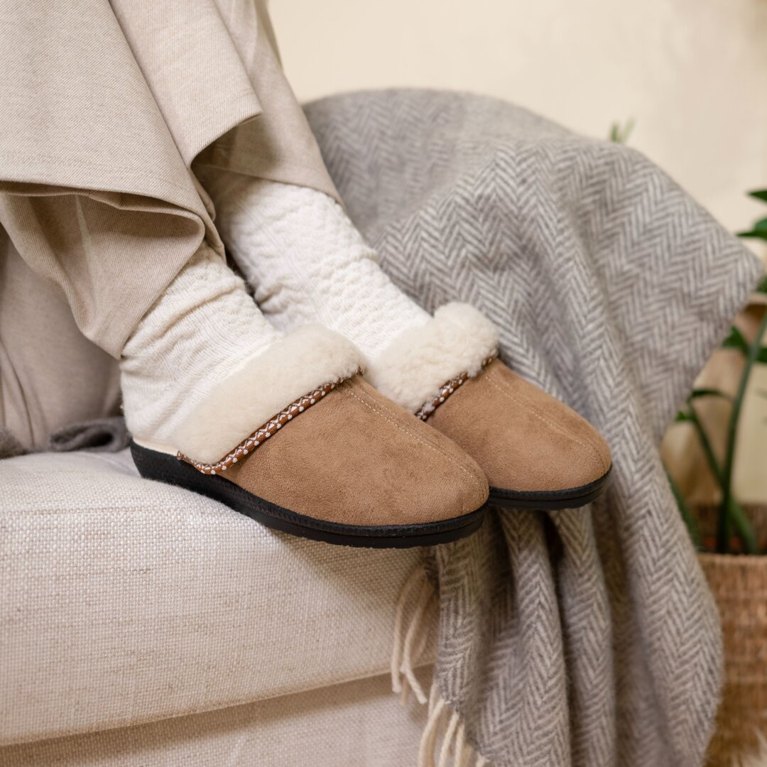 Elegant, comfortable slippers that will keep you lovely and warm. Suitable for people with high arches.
####
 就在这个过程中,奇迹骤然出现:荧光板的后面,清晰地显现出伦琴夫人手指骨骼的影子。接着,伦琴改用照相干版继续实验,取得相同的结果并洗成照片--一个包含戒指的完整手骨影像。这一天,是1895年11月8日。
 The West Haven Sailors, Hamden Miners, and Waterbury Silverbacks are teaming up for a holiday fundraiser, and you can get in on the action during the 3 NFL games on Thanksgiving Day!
####
In the listing above, find the line with "就在这个过程中,奇迹骤然出现" and the line with "The West Haven", then print exactly those lines and every line between them.

▶ _RESULT OF THIS TASK_
 就在这个过程中,奇迹骤然出现:荧光板的后面,清晰地显现出伦琴夫人手指骨骼的影子。接着,伦琴改用照相干版继续实验,取得相同的结果并洗成照片--一个包含戒指的完整手骨影像。这一天,是1895年11月8日。
 The West Haven Sailors, Hamden Miners, and Waterbury Silverbacks are teaming up for a holiday fundraiser, and you can get in on the action during the 3 NFL games on Thanksgiving Day!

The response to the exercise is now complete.